Working from anywhere: a user's guide
As the tyranny of the office crumbles, take inspiration from authors’ idiosyncratic ideas on the most productive places to work.
While working from home, my role model has been Truman Capote. Not in the sense that I’ve been writing a trailblazing bestseller, but because when Capote was working, he always preferred to lie down.
“I am a completely horizontal author,” Capote told The Paris Review in 1957. “I can’t think unless I’m lying down, either in bed or stretched on a couch and with a cigarette and coffee handy.” This is a practice that has stood me in excellent stead for the past 12 months, although without the cigarettes. (Smoking in bed is dangerous).
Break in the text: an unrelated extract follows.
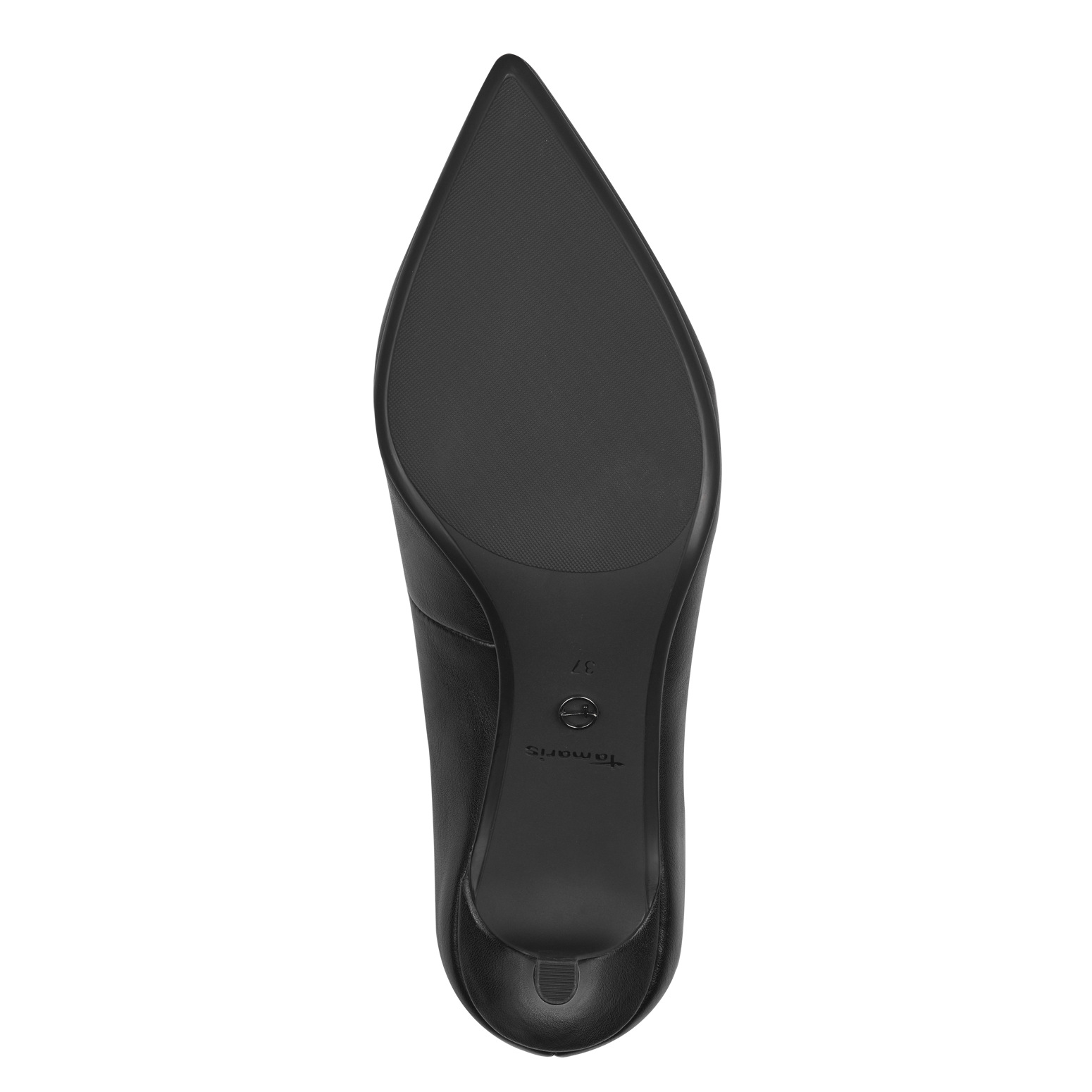 Dámské lodičky v černé barvě značky Tamaris. Svršek obuvi je vyroben ze syntetické kůže. Lodičky jsou vybavené vyměkčenou stélkou pro pohodlný došlap. Speciální systém vyměkčení podpatků Antishock zaručí 50% odpružení, čímž šetříte klouby i páteř.

This is a moment when decisions are being made which will redefine working people’s lives. Return back to the commute, the office and pre-pandemic work life? Or embrace ‘working from anywhere’? While some CEOs are determined to coerce their employees back into the office, some of the world’s biggest companies including Google, Apple, AirBNB and American Express have extended their remote working policies. Deloitte will let its 20,000 UK staff work remotely all the time, with no requirement to go into the office. Last week, Industrious CEO Jamie Hodari argued that freedom to choose leads to higher productivity.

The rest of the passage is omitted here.